While Lupton argues that the web 2.0, the internet of things and the use of wearables have made it possible to directly tailor and target health messages, and that the use of these technologies promote techno-utopian, enhancement and healthist discourses (Lupton 2012, 2013), Sharon’s ethnographic work, studying the Quantified Self Community, offers an entirely different perspective on self-tracking (Sharon and Zandbergen 2016) Members of this community gather data about themselves through self-tracking and share their findings within this community. Sharon’s analysis confirms, however, that, within this community, self-tracking serves other purposes over and above healthism or data fetishism. Self-tracking can, for example, foster practices of mindfulness. Self-tracking and investigation can serve as a practice of resistance against a social norm, or as a communicative and narrative practice: a technology of self-expression (Sharon and Zandbergen 2016). Along this line of thought, precision medicine may indeed provide meaningful new opportunities for probing new practice of the self.

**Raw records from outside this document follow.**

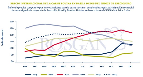 El índice de precios de referencia correspondiente al mes de octubre se sitúa en los 128 puntos básicos, lo que lo convierte en el nivel más alto para ese mes desde que se elabora esta serie (1990). En términos interanuales, la suba de valores respecto de los niveles registrados en octubre de 2023 refleja una mejora del 8%, posicionándose apenas un 6% por debajo de los máximos registrados en 2022.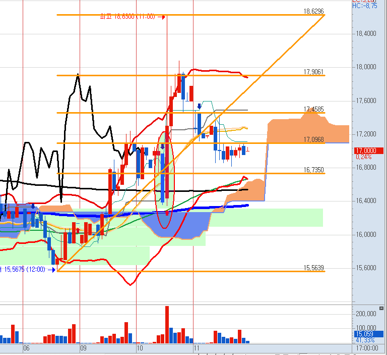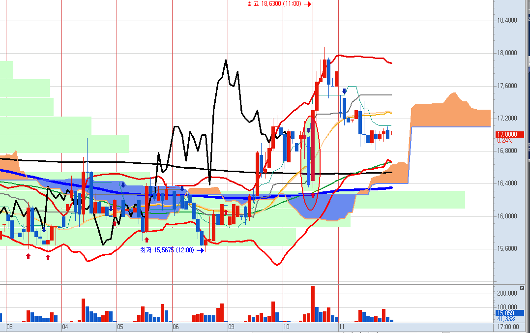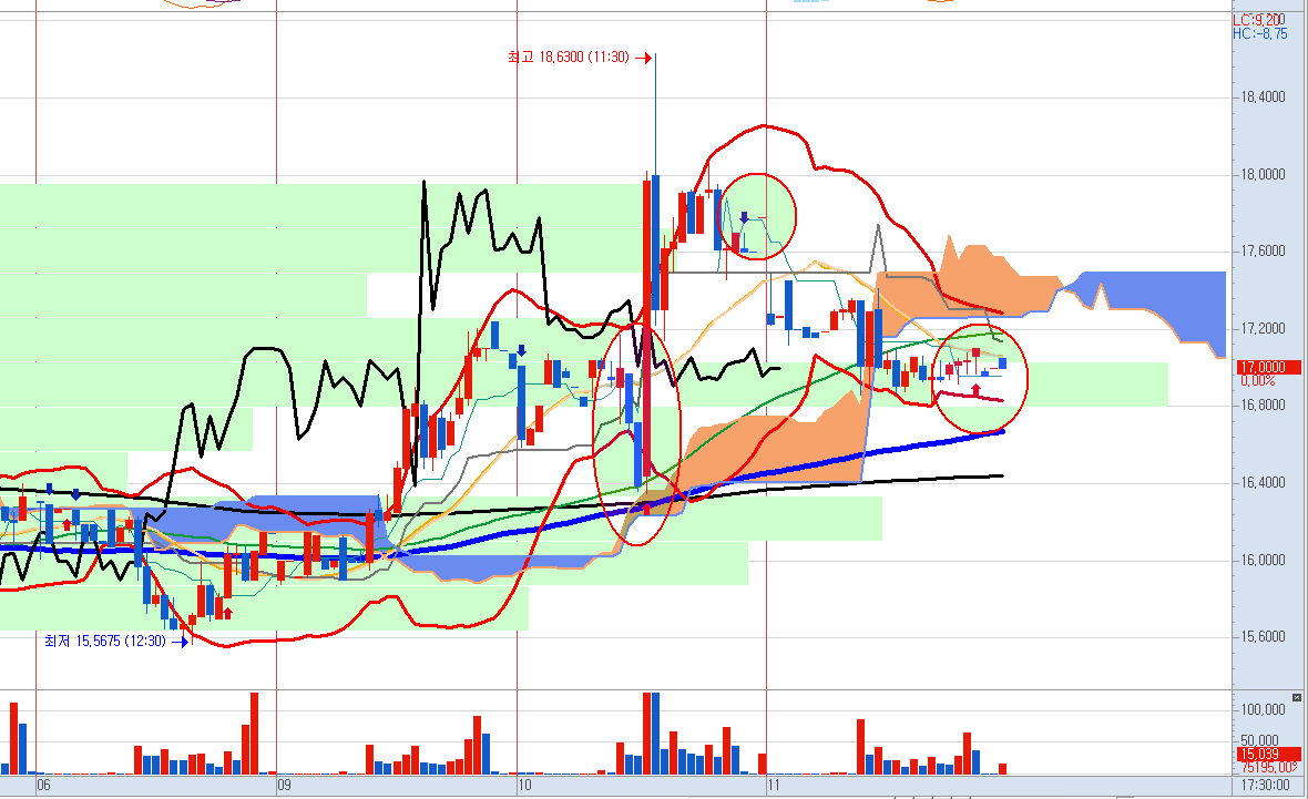 장 중 고점도 -1%정도인 17.41%로 힘이 없었습니다.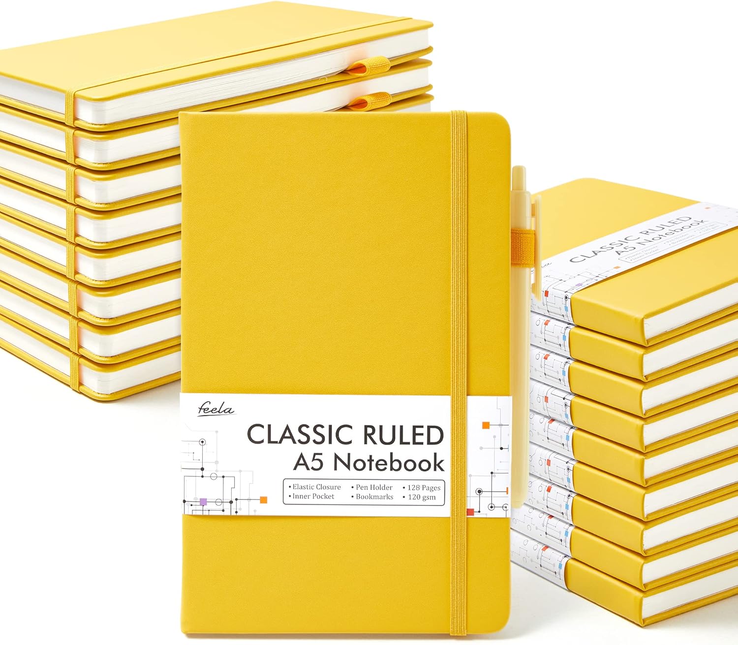feela 18 Pack Journal Notebook for Work, Business Notebook Bulk Hardcover Lined Writing Journal with Pen Holder for Men Women Note Taking, with 18 Black Pens, 120 GSM, 5.1”x8.3”, A5, Yellow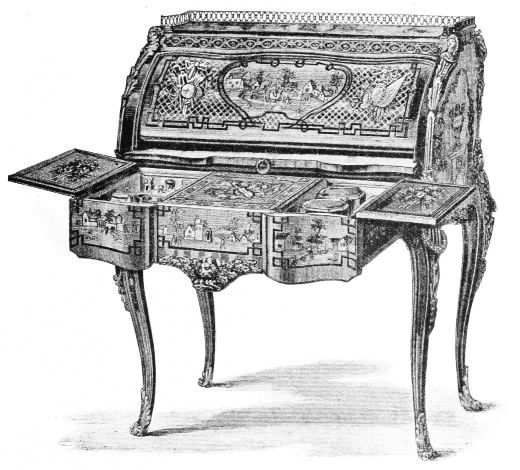 PALACE OF VERSAILLES: "Grand" and "Petit Trianon"—The three Styles of Louis XIV., XV., and XVI.—Colbert and Lebrun—André Charles Boule and his Work—Carved and Gilt Furniture—The Regency and its Influence—Alteration in Condition of French Society—Watteau, Lancret, and Boucher. LOUIS XV. FURNITURE: Famous Ébenistes—Vernis Martin Furniture—Caffieri and Gouthière Mountings—Sêvres Porcelain introduced into Cabinets—Gobelins Tapestry—The "Bureau du Roi." LOUIS XVI. AND MARIE ANTOINETTE: The Queen's Influence—The Painters Chardin and Greuze—More simple Designs—Characteristic Ornaments of Louis XVI. Furniture—Riesener's Work—Gouthière's Mountings—Specimens in the Louvre—The Hamilton Palace Sale—French influence upon the design of furniture in other countries—The Jones Collection—Extract from the "Times" 145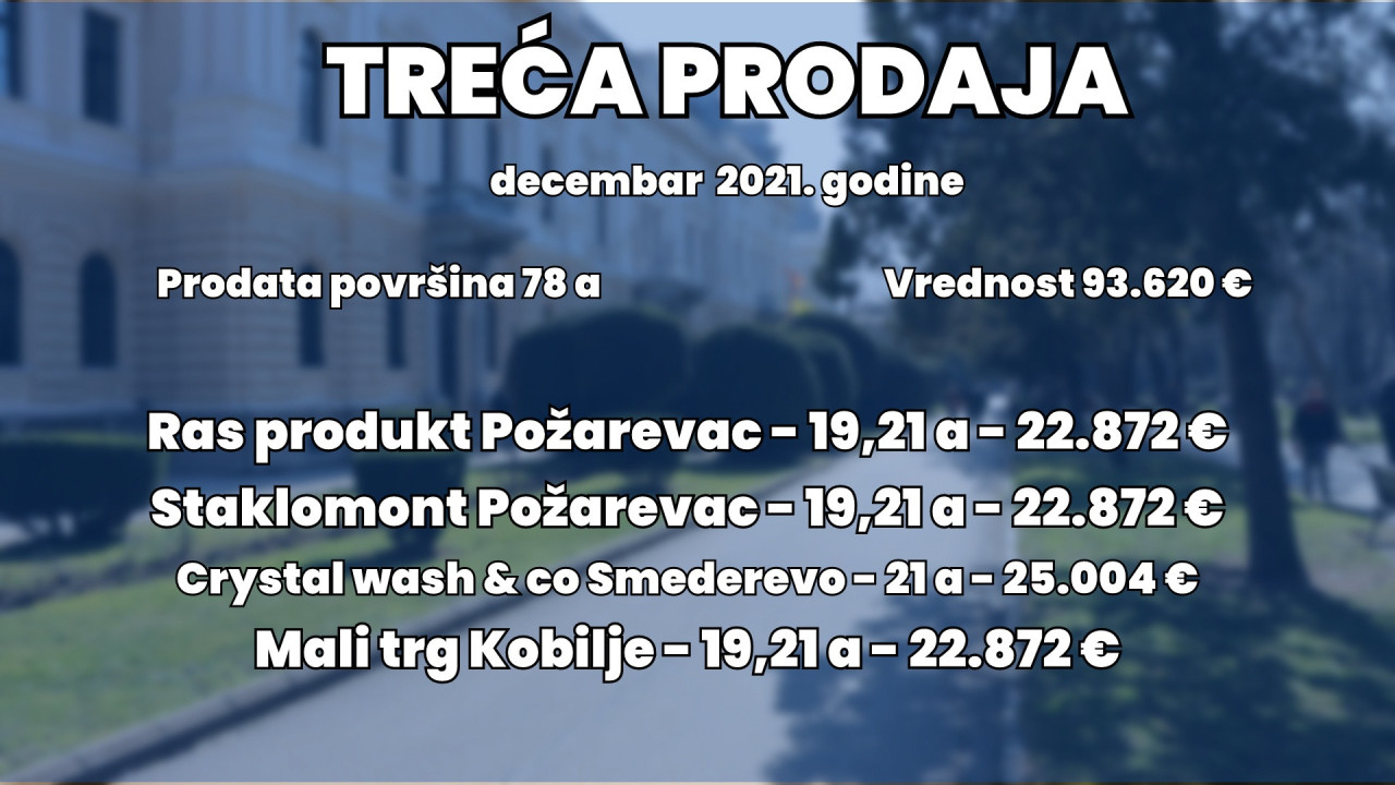 Krajem 2021. godine prodate su još četiri parcele u vrednosti od oko 93.620 evra koje obuhvataju površinu od oko 78 ara, a parcele su kupila dva preduzeća iz Požarevca, Ras produkt i Staklomont, kao i preduzeće Crystal wash & Co iz Smedereva i Mali trg iz Kobilja.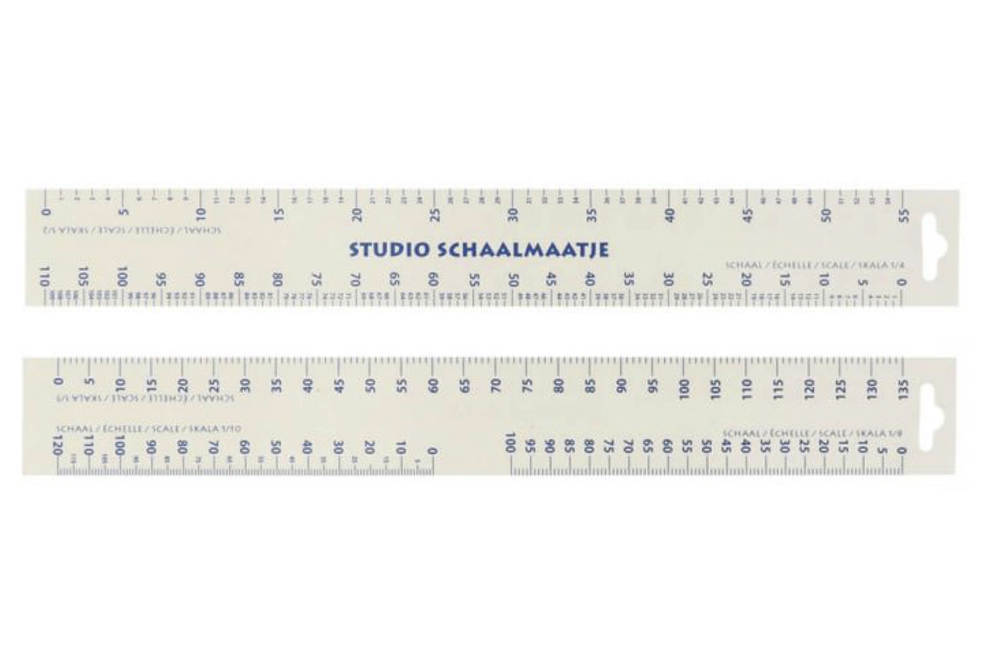 Den lille uundværlige lineal til dig, der vil teste et papirmønster i fx kvarte mål. Linealen har hele 5 forskellige målskalaer; 1:4, 1:2, 1:5, 1:8 og 1:10. Linealen er 30 cm. lang.

In “The Obliteration of Life”, Zwart (2016b) explored the emergence of technologies of the Self in the “terabyte” age. Human individuality, he argues, is captured in high resolution precision portrayals, but at the same time lost and dissolved in massive data streams. Paradoxically, rather than enhancing self-management, personal -omics portrayals give rise to a molecularised conscience. They serve as indicators of normalcy equipped with increased precision. Increasingly, bio-citizens are regarded as valuable repositories of information Zwart 2016b). Tracking and sharing molecularised self-assessments play an important role in managing our health, thereby created a digital version of a collective Superego.